As shown in detail in FIG. 6, on the outer side of the left body member 10a, there is provided a supply part 35 for the elements M, which comprises a vertical body portion and a guide portion 36 horizontally perpendicularly mounted to the former. Below the guide portion 36, further, an element support member 37 is pivotally mounted by a pin 38 in a manner of being operatively associated with the pusher member 24.
As before stated, the upper end portion 23 of lever 16 is disposed through the groove (or slot) 25 of the pusher lever 24, and as the lever 16 oscillates, the pusher member 24 is oscillated. The lever 16, of which the upper end portion 23 slidably bears against a side face of the element support member 37, functions to push the support member 37 away the machine body 10 and, in contact with a hook portion 37b, push it toward the body 10.
At the front side of the guide portion 36 horizontally projected from the body portion of the element supply part 35, there is a substantially U-shaped release lever 39 disposed in a manner of holding the guide portion 36 between its horizontally extending legs. When forwardly displaced, this release lever 39 functions to downwardly drive a feed claw member 40 vertically movably mounted to the element support member 37 and release the engagement of the claw member 40 with the assembly M' of elements M.
Also in FIG. 6, the reference character 41 denotes a projection member having a protuberant capable of being protruded in the supply path of element M, and in the protruded condition, it functions as a stopper to inhibit a backward motion of the element M sent into the guide groove 29. Also, this projection member 41 is acted upon by the above-mentioned release lever 39 so as to be disengaged from the element M. Thus, by operating the release lever 39, the assembly M' of elements M once charged in the machine can be taken out of the machine for example upon completion of a necessary number of the banding operation. It will be noted that in this case a single element M is left present in the apparatus ready for being dispensed [FIG. 8 (B)], so that a next tying or banding operation can immediately take place.
Now, with reference mainly to FIGS. 8 (A) to 8 (D), a detailed explanation will next be entered on the operational features of the apparatus of the invention.

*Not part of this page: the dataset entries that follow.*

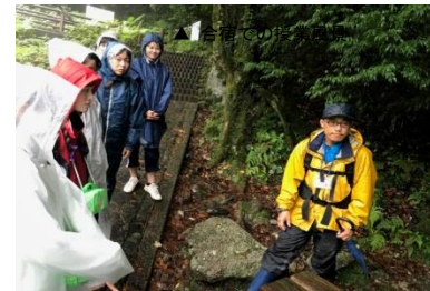
▲ 合宿での授業風景
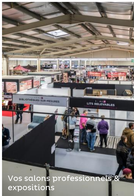
Vos salons professionnels & expositions
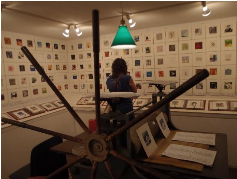
Exposició Miniprint Cadaqués. Edició 2020

—Naturalment. El fet que l'organització del Mini Print depengui enormement del servei de correus va ser un factor clau en el descens de participació. Els artistes que aconseguien fer els gravats (aquells que no necessitaven anar a un taller) es van trobar que no els podien enviar. Un desastre. I el públic, doncs, anava d'acord amb les diferents restriccions: segons s'anaven alliberant, més persones acudien a les galeries. No hem notat una gran davallada quant a l'adquisició d'obres, però, naturalment, tot en general ha anat "a menys".
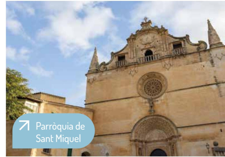
Parròquia de Sant Miquel
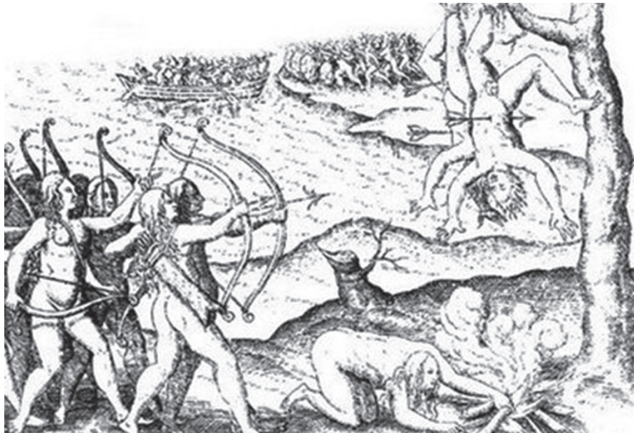
Walter Raleigh, 1601

(A) Charging of Element Assembly:
FIG. 8 (A) shows a schematic plan view of the banding apparatus or machine of the invention, in which it will be seen that the element supply part 35 is provided at a side (the left-hand side) of the machine body 10. The supply part 35 is formed with a guide surface 51, which is covered with a lid member 50. The assembly M' of elements M is charged in the open space between the lid member 50 and the guide surface 51.
FIG. 8 (B) shows, with the lid member 50 removed away, the condition in which an element assembly M' has been placed on the guide surface 51. As before stated, from the preceding operation, a single element M is left present in the guide groove 29 so as to be used for banding objects if the operation lever is operated in this condition. This condition is also seen in FIG. 5, in which at the front end of the pusher member 24 the bending lever 26 is biased by the return spring 28 and is in its stand-up position, its rear end face being born by the abutting member 24a. The bending lever 26 is located immediately behind the element M.
Also as shown in FIG. 8 (B), the element M is in the machine with its ring part 2 disposed in the front or its projection 6 in the rear. Further, a feeder member 37a provided at the front end of the element M, and the bending lever 26 is in abutment with its front curved face against the rear end of the projection 6 of the element M, while it is born with its rear end face by the abutment member 24a as before stated.
Further in the condition shown in FIG. 8 (B), the element M is so restricted as not to come out of the prescribed position in the guide groove 29. This is made as a result of the feeder member 37a being placed in contact with a side face of the element M as a result of the element support member 37 having been rotated so as to have its front end located closer to the machine body 10 with the rear end of the pusher member 24 in abutment against the hook member 37b of the support member 37. Also, the feed claw member 40 is protruded in the gap between two adjacent elements M and M so that feeding-in of a next element M can effectively take place.
(B) Feed-In of Elements:
In the condition shown in FIG. 5 in which the operation lever 12 is in a free condition and the pusher member 24 is in its retracted position, a hook 45a provided at the front end of the stopper 45, which can be protruded into the guide groove 29 by the function of the return spring 47 comprising a leaf spring, is maintained below the bottom face 29a of the guide groove 29. (The stopper 45 is a member for maintaining the element M immovably in position during winding of the element about an object or objects to be banded.) FIG. 5 also shows that in this condition, objects to be banded, for example cables or wires W, are received in the opening indicated at 10d, provided at a nose end portion of the machine body 10.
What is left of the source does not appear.